[Date Prev][Date Next] [Chronological] [Thread] [Top]

Re: Remapping user info per-system?

We used attribute mapping to use different shells on different hosts

This is a subset of the data for each account in ldap

objectClass: top
objectClass: account
objectClass: posixAccount
objectClass: shells
loginShell: /bin/bash
muddlab: /usr/etc/other
backend: /usr/etc/other
pinex: /opt/local/bin/pine
public: /bin/bash

shells is a custom objectclass (from our own schema) which allows us to add on various other shells (namely muddlab, backend, pinex, public) which are also defined in our schema.

On Sun machines (5.9)
|edit /var/ldap/ldap_client_file
and add |

NS_LDAP_ATTRIBUTEMAP= passwd:loginShell=public

then anyone logging onto that host will get the public shell

On Debian||
edit |/etc/libnss-ldap.conf
and add
|nss_map_attribute loginShell pinex

and anyone logging onto that host will get pinex.

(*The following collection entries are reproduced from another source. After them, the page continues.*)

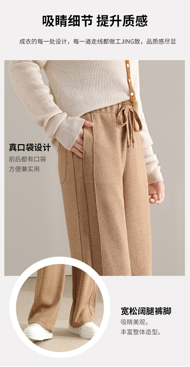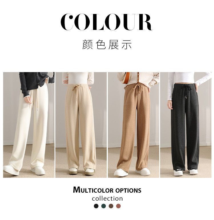 商品名称:【含羊毛】简约百搭纯色气质系带针织阔腿裤长裤子直筒裤休闲裤女 657427
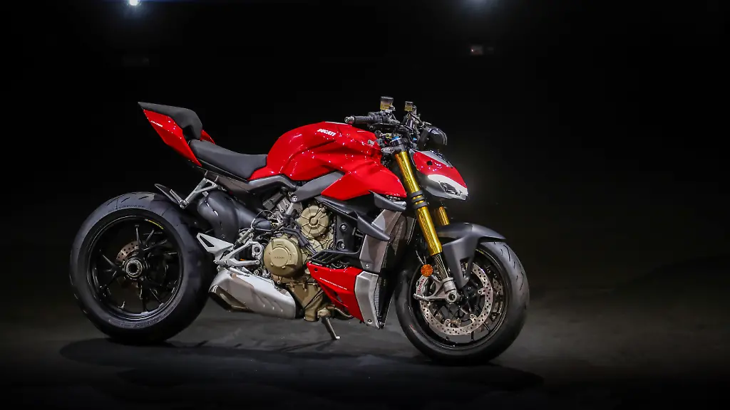Ebenfalls mit Magnesiumrädern und Öhlins-Fahrwerk geht das völlig neue Hyper-Nakedbike Streetfighter V4S an den Start. So ausgerüstet, sinkt das Gewicht im Vergleich zur V4 von 201 auf 198 Kilogramm, während der Preis von 19.990 auf 22.990 Euro klettert. Die Streetfighter V4 basiert natürlich auf der supersportlichen Panigale V4 und nutzt deshalb deren Rahmen sowie auch deren V4-Antrieb. Allerdings wurde der zugunsten von mehr Drehmoment optimiert und die Spitzenleistung von 217 auf 208 PS gesenkt.
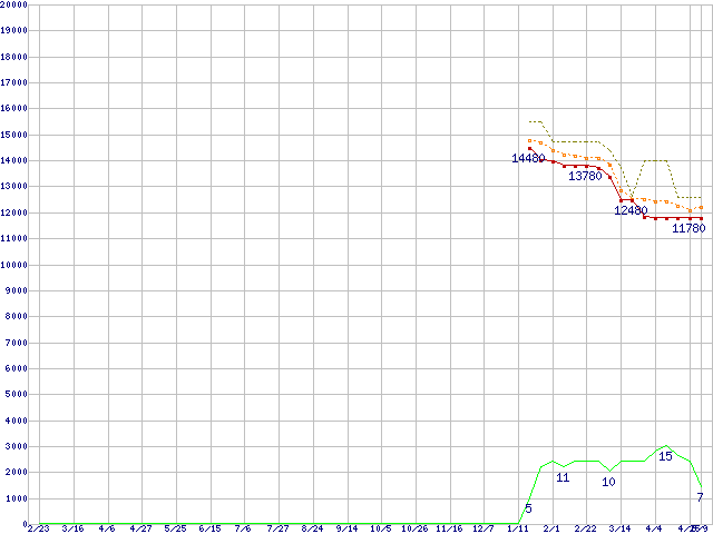 ※このグラフは過去のデータも税率5%相当に調整した税込み相当額のグラフです。 税率変更や、総額表示方式導入(2004年4月)の影響は除いています。 | | | ●凡例 | 最安値 (点線部は販売店未確認 または未調査) | 平均値 | 最高値 | ショップ数 |
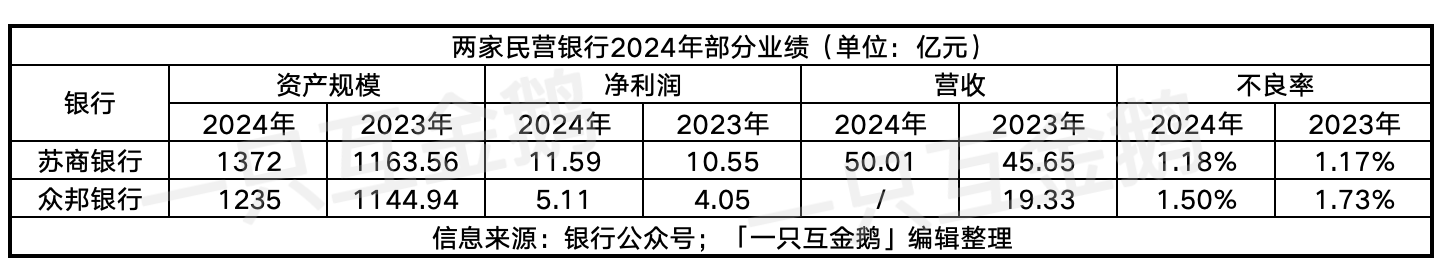 一年新增资产90亿、200亿,众邦银行、苏商银行2024业绩可以
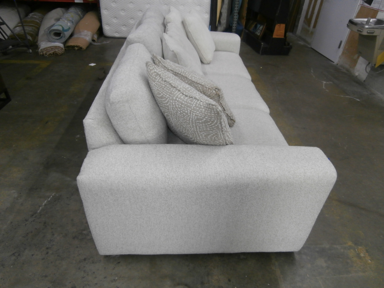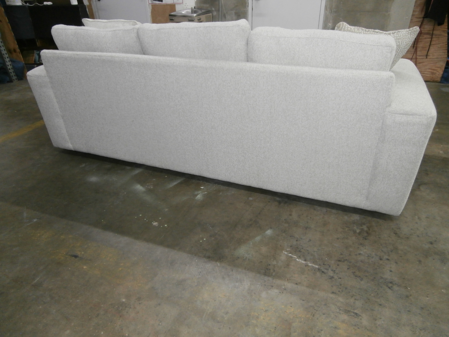 Fushion three cushion sofa with accent pillows measuring 97"W,44"D,35"H in creme.
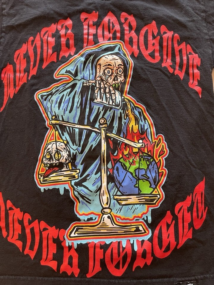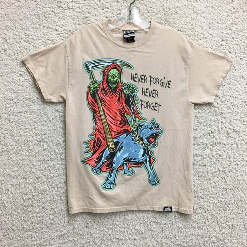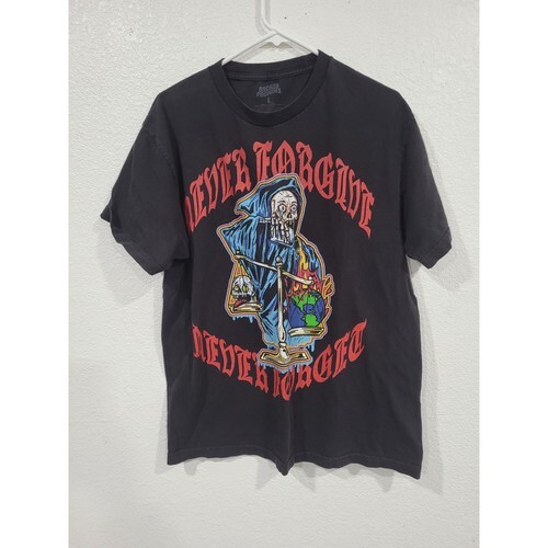 The Broken Promises Never Forgive Never Forget T-shirt is a multicolor all-over print shirt with a message of broken promises. It features a regular fit with short sleeves, perfect for casual wear. The brand, Broken Promises, adds a unique touch to this wardrobe essential, making it a standout piece for those who appreciate bold and distinctive designs.
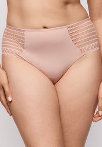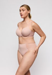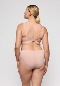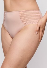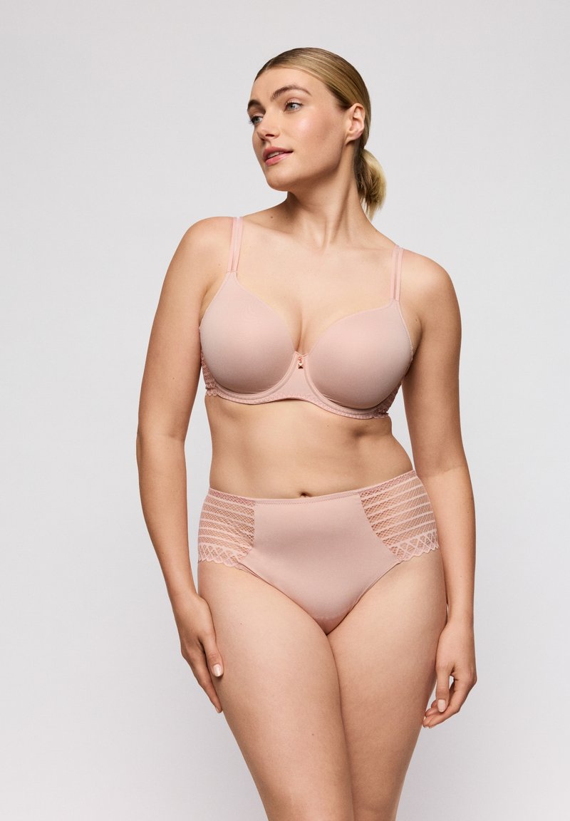 Vrouw die een lichtroze beha en bijpassende hoge slipjes met kanten rand draagt, kijkt iets naar links tegen een effen achtergrond.
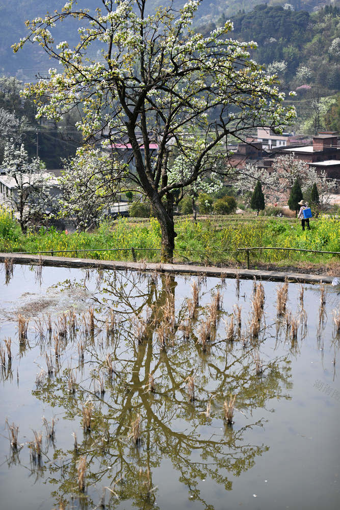 2022年3月15日,湖南省郴州市,宜章县五岭镇分水村,漫山的梨花竞相绽放,村民在花下劳作。郭立亮 摄

We found this worked well for our needs.

I know this response doesn't have much to do with openLdap,
but I thought if someone was searching the archive it would be
easiest if they could read the reply instead of re-asking.



Medievalist wrote:

I think you can control the mapping of LDAP attribute entities to different host items in the nss_ldap configuration file. It'll probably be something along the lines of "nss_map_attribute" and you should be able to use separate shell specifications on a host-specific basis.

On HP-UX, mapping of LDAP attributes to rfc2307 items is actually done from within the LDAP database itself, but on linux/BSD I'm pretty sure it's in nss_ldap's configuration file... so, as others have requested, you ought to take this question to the nss_ldap list where I am sure the answer would be useful to others.

Don't forget to get your own OID if you need to set up some custom schema for this.